Evaluate a over z + bw2 for a = 21, b = 3, w = 6, and z = 7.
(1 point)
Responses
111
111
108
108
301
301
1,771
To evaluate a over z + bw2 for a = 21, b = 3, w = 6, and z = 7, we substitute the given values into the expression:
a over z + bw^2 = 21 / 7 + 3 * 6^2
Simplifying the equation, we get:
a over z + bw^2 = 3 + 3 * 36
a over z + bw^2 = 3 + 108
a over z + bw^2 = 111
Therefore, the correct answer is 111.
What is the product?
4.3(–2.9)
(1 point)
Responses
12.47
12.47
–12.47
–12.47
7.74
7.74
–5.22
To evaluate the expression a over z + bw^2 for a = 21, b = 3, w = 6, and z = 7, follow these steps:
Step 1: Substitute the given values into the expression.
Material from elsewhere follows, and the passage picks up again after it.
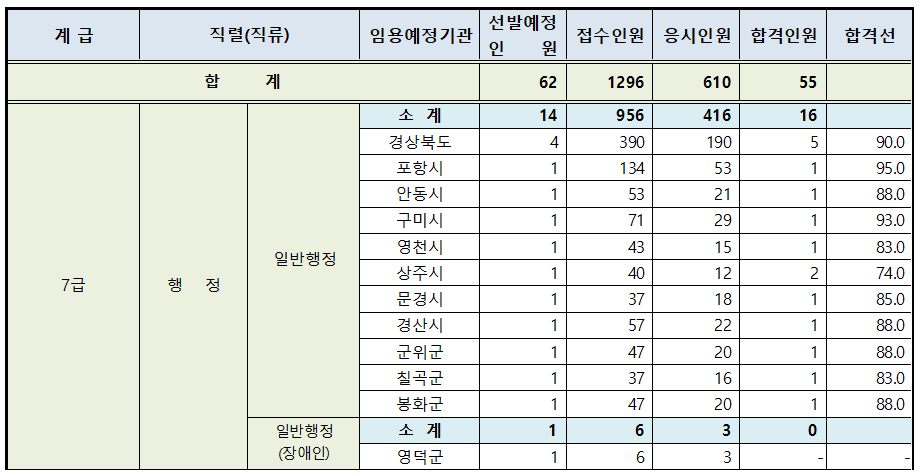 2021년 경상북도 지방직 7급 공무원은 일반행정 직렬에서만 선발을 했는데요. 경상북도가 임용하는 지방공무원은 4명을 선발하는데 390명이 지원해 97.5대 1의 경쟁률을 기록했고, 필기시험 합격선은 90.00점입니다.

Substitute a = 21, b = 3, w = 6, and z = 7 into a over z + bw^2:
21 over 7 + 3 * 6^2
Step 2: Simplify the expression.
First, calculate 6^2:
6^2 = 36
Next, multiply b and w^2:
3 * 36 = 108
Finally, divide a by z and add the result to the previous result:
21 over 7 + 108 = 3 + 108 = 111
Therefore, the value of the expression a over z + bw^2 for a = 21, b = 3, w = 6, and z = 7 is 111.
To evaluate the expression a over z + bw^2, we substitute the given values of a, b, w, and z into the expression and perform the calculation step by step.
Step 1: Substitute the given values into the variables:
a = 21
b = 3
w = 6
z = 7
Step 2: Replace the variables in the expression with their corresponding values:
a/z + bw^2 = 21/7 + 3*6^2
Step 3: Evaluate the expression using the order of operations (PEMDAS/BODMAS):
a/z + bw^2 = 3 + 3*36
Step 4: Perform the multiplication first:
a/z + bw^2 = 3 + 108
Step 5: Perform the addition:
a/z + bw^2 = 111
Therefore, the value of the expression a over z + bw^2, when a = 21, b = 3, w = 6, and z = 7, is 111.